Smith Waterman/String Exact Match With A Single Indel
1
2
Entering edit mode
11.0 years ago
Gabriel R. ★ 2.9k

Imagine that you have two strings of approx. equal length. You can perform an almost exact match on both while allowing for mismatches.

GCGTGAACGCATTTGCCGGTGATCGT
******          * *
GCGTGAGACGCATTTGCCGGTGATCG


Now imagine that you could insert a insertion in either one of them and have an even better match.

GCGTGAACG-CATTTGCCGGTGATCGT
********* *****************
GCGTGAGACGCATTTGCCGGTGATCGT


How would you go about computing this extremely efficiently ? It's not a Smith-Waterman with a restricted search space since SW does not "know" what came before (in terms of operations) in the search upon computation of the next square in the matrix. If I take an insert once, I want it to be forbidden to take another in either string.

edit: I do not want seeding heuristics, I want an exact answer. edit2: I want the global alignment, not a local one

alignment algorithm • 3.3k views
1
Entering edit mode

Can you clarify whether you want a global (end-to-end) alignment between the strings, or a local alignment? Do you want to allow mismatches as well as the single indel?

0
Entering edit mode

done, thanks for the comment !

0
Entering edit mode

What about allowing mismatches as well as the indel? If you require an exact match of the regions flanking the indel I believe there is a straightforward solution, but if these regions can have mismatches then it is more complicated.

0
Entering edit mode

no, you can have mismatches in those.

0
Entering edit mode

I'm missing something .. why not just using a function like the C strcspn ( http://www.cplusplus.com/reference/cstring/strcspn/ ) and compare the two strings a the location of the first mismatch ?

0
Entering edit mode

I'm missing something too, how does strcspn solve this ? It will just return the index of an ACGT (since all are in string2) in the first string which is likely to return almost always 0.

0
Entering edit mode

sorry that was the wrong C function. I was think of a C function that would return the index of the first occurence of difference between two strings. e.g: http://www.cplusplus.com/reference/string/string/find_first_not_of/

0
Entering edit mode

still, that is exact matching. How do you handle gaps ? How do you know where the gap occurs ? You check all positions ? It's more an algorithmic question rather than a programmatic one.

0
Entering edit mode
11.0 years ago
matted 7.8k

So the point is you want to do a Needleman-Wunsch global aligment with AT MOST one gap?

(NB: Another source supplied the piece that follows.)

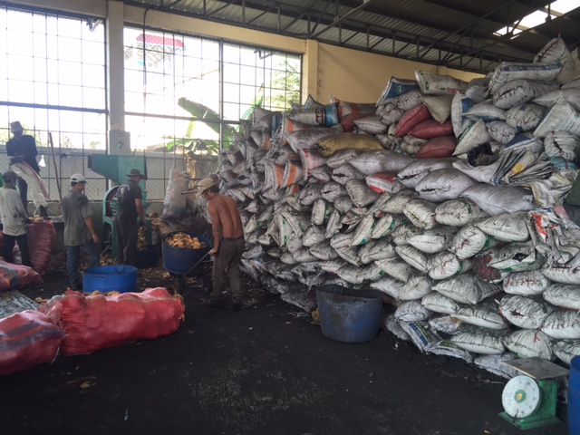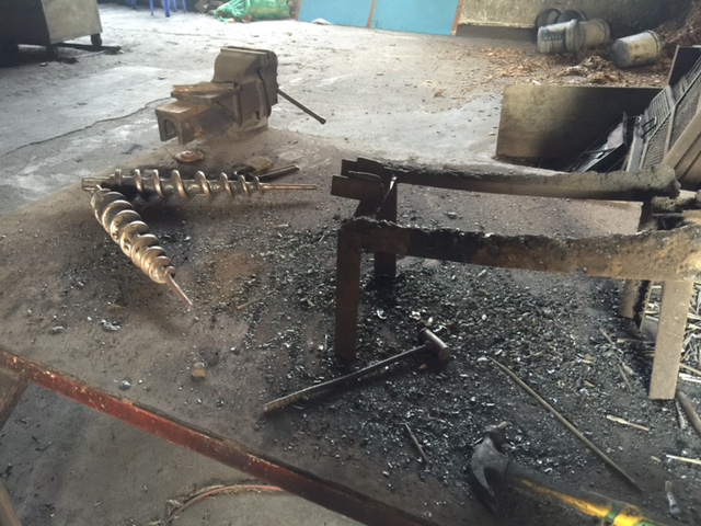 Lesley and I were very excited to get a tour of the SGFE compound, which is guarded by two dogs and an 8 foot high wall with a huge rolling gate. Inside, we met the team of almost 30 workers, who were quite busy on each step of the process, whether carting around the shells, chipping them, burning them or compressing them into the briquettes that you would ultimately use in your stove.

I believe you can do this by applying the ideas of the affine gap penalty extension to Needleman-Wunsch (see random lecture notes here or search for better ones).

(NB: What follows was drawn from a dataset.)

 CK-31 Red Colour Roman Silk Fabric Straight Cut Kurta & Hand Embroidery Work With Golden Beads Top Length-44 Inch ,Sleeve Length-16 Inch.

The rough idea is that you have two parallel dynamic programming matrices that you fill in. One is calculating alignments without/before the single gap, and the other is calculating alignments with a single gap. At any position in the matrices, you can go from the first to the second with a gap move (corresponding to adding the gap), but never from the second back to the first (this prohibits adding another gap). You'll have to tailor the algorithm to only allow mismatch moves from the first matrix to the first, and the second matrix to the second.

0
Entering edit mode

i do not get it, why would I need a matrix to do a straightforward match ?

0
Entering edit mode

If you want to consider gaps and mismatches together, you can't do it greedily. Dynamic programming is one way to get the optimal answer efficiently. Read more here or here (Googled randomly).

0
Entering edit mode

I know very well NW, actually, in hindsight I should not have written Smith Waterman, but rather Needleman-Wunsch since I seek a global alignment. But I seek a NW where a single "gap/deletion/insertion" is allowed in the entire alignment.

0
Entering edit mode

Yes, I know, that's what my answer above gives you.

0
Entering edit mode

I am slow today due to the heat. What does the first matrix represent ? In a normal NW, it represents the best score for certain indels/mismatches. In my case, I only allow one indel.

0
Entering edit mode

Strictly speaking, the single matrix in NW represents the best alignment score for the given prefixes of the query strings. The way you fill up the matrix (the dynamic programming algorithm) encodes what mismatches or gaps you permit and their relative scores. The path[s] of optimal choices going from cell to cell encodes the optimal alignment.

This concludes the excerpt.